# Subsets U of the vector space V

• AkilMAI
In summary, to find the base and dimension of U in V = P3, we can use the fact that p(x) must satisfy the condition p'(0) = p(1), which leads to a set of equations for the coefficients of p(x). By solving these equations, we can determine the base and dimension of U.

## Homework Statement

How can I find the base and dim of U here?, V = P3; U = {p in P3 : p'(0) = p(1)}...

## The Attempt at a Solution

now I've proven it is a subspace and that it is closed under addition and scalar multiplication...but how can I find the base and dim?I was thinking about writing it as p(x)=a+bx+cx^2+dx^4=>p(x)'=b+2cx+3dx^2
and...p'(0)=p(1)=>b=a+b+c+d=>d=-a-c...
Thank you

AkilMAI said:

## Homework Statement

How can I find the base and dim of U here?, V = P3; U = {p in P3 : p'(0) = p(1)}...

## The Attempt at a Solution

now I've proven it is a subspace and that it is closed under addition and scalar multiplication...but how can I find the base and dim?I was thinking about writing it as p(x)=a+bx+cx^2+dx^4=>p(x)'=b+2cx+3dx^2
and...p'(0)=p(1)=>b=a+b+c+d=>d=-a-c...
Thank you

Let p(x) be a function in P3, which means that p(x) = a + bx + cx2 + dx3.

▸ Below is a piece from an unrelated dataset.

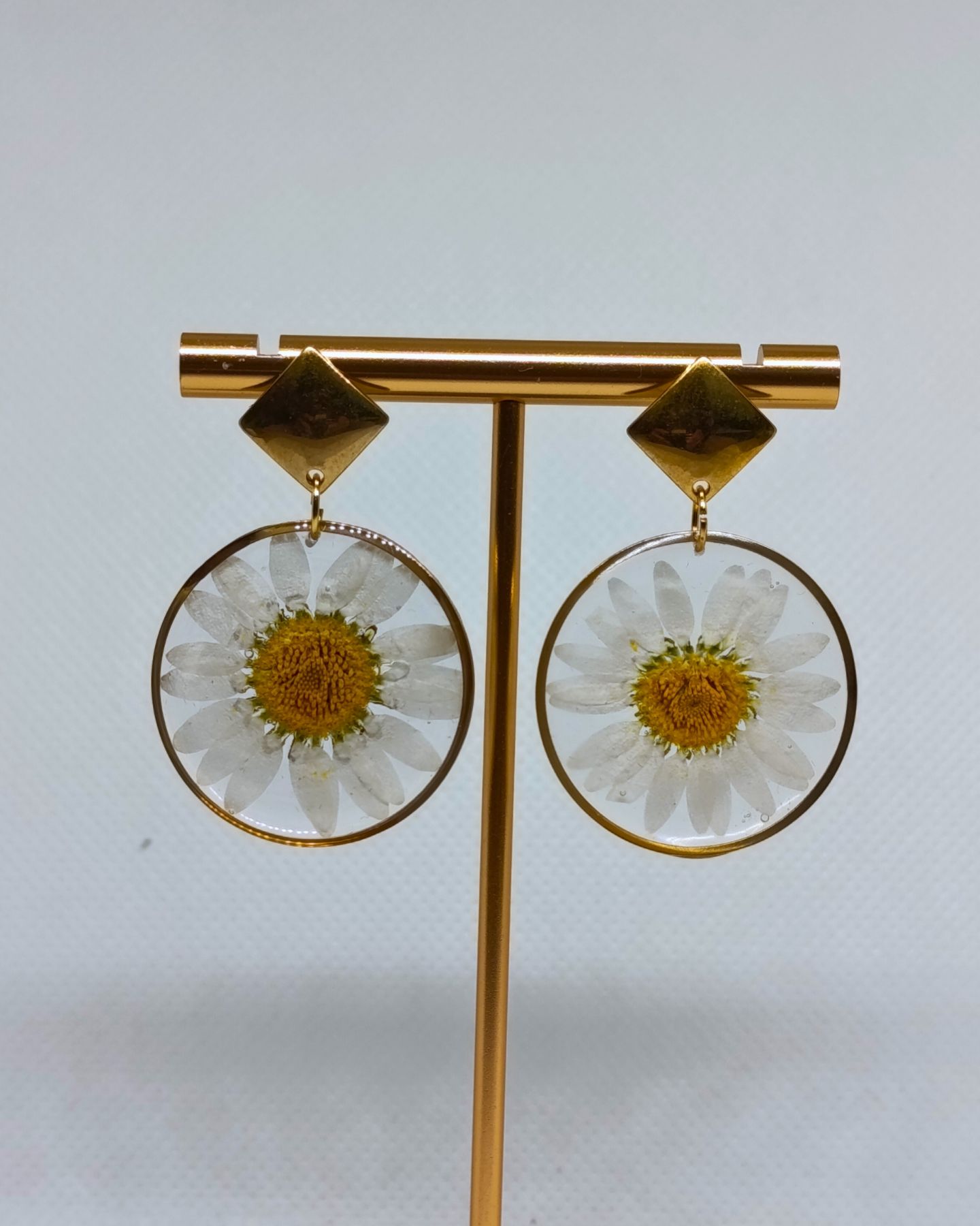 Este conjunto botánico artesanal está elaborado a mano con resina de alta calidad, margaritas naturales y bases de acero inoxidable (baño dorado o plateado).

For p(x) to be in U, it must be true that p'(0) = p(1), which implies that, and as you found, b = a + b + c + d ==> a + c + d = 0.

Solve for a to get
a = -c - d
b = b
c = c
d = d

The last three equations are trivially true.
From this set of four equations, what can you say about the coefficients of a function p(x) that belongs to U?